Чтение структуры данных matlab в массивы numpy

#matlab #numpy-ndarray #hdf5 #h5py

#matlab #numpy-ndarray #hdf5 #h5py

Вопрос:

У меня есть набор MAT-файлов, который содержит matlab struct . Структура имеет множество массивов. Я хотел бы открыть файл и перенести их все в массивы. До сих пор я написал следующий код:

 import h5py
>>> fs = h5py.File('statistics_VAD.mat','r')
>>> list(fs.keys())
['#refs#', 'data']
>>> 
>>> fs['data'].visititems(lambda n,o:print(n, o))
C <HDF5 dataset "C": shape (100, 1), type "|O">
P <HDF5 dataset "P": shape (100, 1), type "|O">
V <HDF5 dataset "V": shape (100, 1), type "|O">
Wn <HDF5 dataset "Wn": shape (100, 1), type "|O">
X <HDF5 dataset "X": shape (100, 1), type "|O">
a <HDF5 dataset "a": shape (100, 1), type "|O">
dn <HDF5 dataset "dn": shape (100, 1), type "|O">
>>> struArray = fs['data']
>>> print(struArray['P'])
<HDF5 dataset "P": shape (100, 1), type "|O">
 

Я не знаю, как перейти HDF5 dataset "P" к numpy массиву. Любое предложение будет оценено по достоинству

Комментарии:

1. Что arr=struArray['P'][:] делает?

2. @hpaulj вывод такой >>> arr=struArray['P'][:] >>> arr array([[<HDF5 object reference>], [<HDF5 object reference>], [<HDF5 object reference>], [<HDF5 object reference>], [<HDF5 object reference>], [<HDF5 object reference>], ... .

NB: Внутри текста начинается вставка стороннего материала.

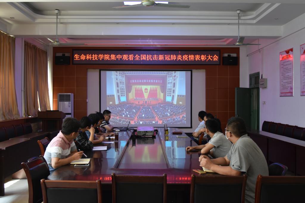 9月8日上午10时,全国抗击新冠肺炎疫情表彰大会在北京人民大会堂隆重举行。中共中央总书记、国家主席、中央军委主席习近平向国家勋章和国家荣誉称号获得者颁授勋章奖章并发表重要讲话。大会还对全国抗击新冠肺炎疫情先进个人、先进集体,全国优秀共产党员、全国先进基层党组织进行表彰。我院教师在E110会议室集中观看直播,各党支部分别组织师生收听收看了表彰大会现场直播。

3. Эти «ссылки на объекты», вероятно, являются элементами в refs группе, но я не знаю, h5py могу ли я получить их для вас. scipy.io.loadmat может обрабатывать более старый файл style .mat, но даже там результат может иметь «непрозрачные» элементы. Не все, что matlab сохраняет в файл, можно перевести в numpy.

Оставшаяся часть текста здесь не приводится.